Laboratory Changes During Gender-Affirming Hormone Therapy in Transgender Adolescents

Author:

Millington Kate12,Lee Janet Y.345,Olson-Kennedy Johanna6,Garofalo Robert7,Rosenthal Stephen M.3,Chan Yee-Ming8

Affiliation:

1. aDivision of Pediatric Endocrinology and Adolescent Medicine, Hasbro Children’s Hospital, Providence, Rhode Island

2. bDepartment of Pediatrics, Warren Alpert Medical School of Brown University, Providence, Rhode Island

3. cDivision of Pediatric Endocrinology, Department of Pediatrics, University of California, San Francisco, San Francisco, California

4. dDivision of Endocrinology & Metabolism, Department of Medicine, University of California, San Francisco, California

5. eEndocrine and Metabolism Section, San Francisco Veterans Affairs Health Care System, San Francisco, California

6. fDivision of Adolescent and Young Adult Medicine, Department of Pediatrics, Keck School of Medicine of University of Southern California, Los Angeles, California

7. gDivision of Adolescent Medicine, Department of Pediatrics, Northwestern University Feinberg School of Medicine, Chicago, Illinois

8. hDivision of Endocrinology, Department of Pediatrics, Boston Children’s Hospital, Boston, Massachusetts

Abstract

OBJECTIVES Guidelines for monitoring of medications frequently used in the gender-affirming care of transgender and gender-diverse (TGD) adolescents are based on studies in adults or other medical conditions. In this study, we aimed to investigate commonly screened laboratory measurements in TGD adolescents receiving gender-affirming hormone therapy (GAHT). METHODS TGD adolescents were recruited from 4 study sites in the United States before beginning GAHT. Hemoglobin, hematocrit, hemoglobin A1c, alanine transaminase, aspartate aminotransferase, prolactin, and potassium were abstracted from the medical record at baseline and at 6, 12, and 24 months after starting GAHT. RESULTS Two-hundred and ninety-three participants (68% designated female at birth) with no previous history of gonadotropin-releasing hormone analog use were included in the analysis.
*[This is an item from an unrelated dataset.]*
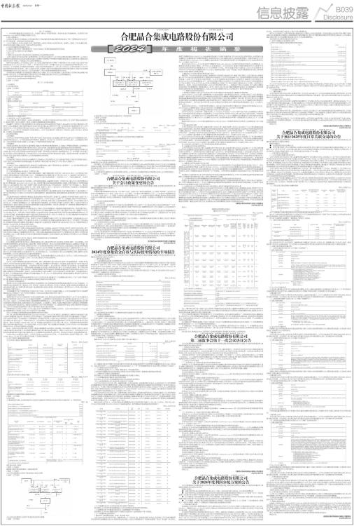 公司代码:688249 公司简称:晶合集成 第一节 重要提示 1、本年度报告摘要来自年度报告全文,为全面了解本公司的经营成果、财务状况及未来发展规划,投资者应当到www.sse.com.cn网站仔细阅读年度报告全文。 2、重大风险提示 公司已在本报告中详细阐述公司在经营过程中可能面临的各种风险,敬请查阅本报告“第三节管理层讨论与分析”之“四、风险因素”,请投资者注意投资风险。 3、本公司董事会、监事会及董事、监事、高级管理人员保证年度报告内容的真实性、准确性、完整性,不存在虚假记载、误导性陈述或重大遗漏,并承担个别和连带的法律责任。 4、公司全体董事出席董事会会议。 5、容诚会计师事务所(特殊普通合伙)为本公司出具了标准无保留意见的审计报告。 6、公司上市时未盈利且尚未实现盈利 □是 √否 7、董事会决议通过的本报告期利润分配预案或公积金转增股本预案 公司于2025年4月18日召开第二届董事会第十九次会议审议通过了《关于2024年度利润分配方案的议案》,公司拟以实施权益分派股权登记日登记的总股本扣减公司回购专用证券账户中的股份为基数分配利润,向全体股东每10股派发现金红利1.00元(含税),不送红股,不以公积金转增股本。 截至本报告披露日,公司总股本2,006,135,157股,扣除回购专用证券账户中股份数62,088,500股,以此计算合计拟派发现金红利194,404,665.70元(含税)。本年度以现金为对价,采用集中竞价方式已实施的股份回购金额为891,677,308.30元(不含印花税、交易佣金等交易费用),现金分红和回购金额合计1,086,081,974.00元,占本年度归属于上市公司股东净利润的比例为203.83%。其中,以现金为对价,采用集中竞价方式回购股份并注销的回购金额0元,现金分红和回购并注销金额合计194,404,665.70元,占本年度归属于上市公司股东净利润的比例为36.48%。 在利润分配方案披露日至实施权益分派股权登记日期间,若公司应分配股数(总股本扣除公司回购专用证券账户股份余额)发生变动,公司拟维持每股分配比例不变,相应调整分配总额,并另行公告具体调整情况。 公司2024年度利润分配方案尚需提交股东会审议。 8、是否存在公司治理特殊安排等重要事项 □适用 √不适用 第二节 公司基本情况 1、公司简介 1.1公司股票简况 √适用 □不适用 ■ 1.2公司存托凭证简况 □适用 √不适用 1.3联系人和联系方式 ■ 2、报告期公司主要业务简介 2.1主要业务、主要产品或服务情况 公司主要从事12英寸晶圆代工业务及其配套服务。公司致力于研发并应用行业先进的工艺,为客户提供多种制程节点、多种应用的工艺平台晶圆代工业务,并提供光刻掩模版制造等配套服务。 在晶圆代工制程节点方面,报告期内公司已实现150nm至55nm制程平台的量产,40nm高压OLED显示驱动芯片小批量生产,28nm逻辑芯片通过功能性验证并成功点亮电视面板,28nm制程平台其他产品的研发正在稳步推进中;在工艺平台应用方面,公司已具备显示驱动芯片(DDIC)、CMOS图像传感器芯片(CIS)、电源管理芯片(PMIC)、微控制器芯片(MCU)、逻辑芯片(Logic)等工艺平台晶圆代工的技术能力。公司产品主要应用于智能手机、平板显示、安防、汽车电子、家用电器、工业控制、物联网等领域。 2.2主要经营模式 1.研发模式 公司制定了研发管理制度,明确了研发过程中各部门的权责关系与作业流程,确保研发过程符合公司策略发展方向,实现经营效益最大化。公司研发流程包括市场调查、策略制定、可行性评估、项目审查、技术开发、流片、工艺制程验证等环节。为保证研发效率及成本控制,公司还制定了严格的研发进度管控方案。 2.采购模式 为加强成本控制、保证晶圆代工服务质量、提高生产效率和存货周转效率,公司建立了严格的采购流程、完善的供应商认证准入机制和严格的供应商考核评价体系,以保证原材料、设备零配件及设备质量的稳定性和供应的持续性。 公司的供应商主要包括原材料供应商和设备供应商,公司通常采用直接采购模式,如果终端供应商采取经销模式进行销售,则公司也可通过经销商向终端供应商进行采购。供应商经过资质评估、采购效益评估、入厂评估等环节评估通过后,方可成为公司的合格供应商,公司主要向进入公司合格供应商名单的供应商进行采购。后续再由相关部门对采购产品的质量、价格、服务等进行考核评价,以实现采购流程的闭环管理。 3.生产模式 公司接到客户需求后,首先进行小规模试产;在良率及工艺条件稳定后,进入风险量产阶段;在各项交付指标达标后,与客户签订正式的销售合同或接受批量订单,按照客户需求分配产能、制定生产计划、进行大批量生产。 4.销售模式 公司建立了规范、完整的销售团队,拥有多元化的营销渠道,通过不同的营销方式拓展客户。公司采用直销模式进行销售,并制定了相应的销售管理制度,对销售流程进行规范。 2.3所处行业情况 (1). 行业的发展阶段、基本特点、主要技术门槛 公司主要从事12英寸晶圆代工业务及其配套服务。根据《国民经济行业分类》(GB/T4754-2017),公司所处行业为计算机、通信和其他电子设备制造业(C39)。根据国家统计局《战略性新兴产业分类(2018)》(国家统计局令第23号),公司所处行业为战略性新兴产业分类中的“新型电子元器件及设备制造”(分类代码:1.2.1)、“集成电路制造”(分类代码:

Hemoglobin and hematocrit decreased in adolescents prescribed estradiol (−1.4 mg/dL and −3.6%, respectively) and increased in adolescents prescribed testosterone (+1.0 mg/dL and +3.9%) by 6 months after GAHT initiation. Thirteen (6.5%) participants prescribed testosterone had hematocrit > 50% during GAHT. There were no differences in hemoglobin A1c, alanine transaminase, or aspartate aminotransferase. There was a small increase in prolactin after 6 months of estradiol therapy in transfeminine adolescents. Hyperkalemia in transfeminine adolescents taking spironolactone was infrequent and transient if present. CONCLUSIONS Abnormal laboratory results are rare in TGD adolescents prescribed GAHT and, if present, occur within 6 months of GAHT initiation. Future guidelines may not require routine screening of these laboratory parameters beyond 6 months of GAHT in otherwise healthy TGD adolescents.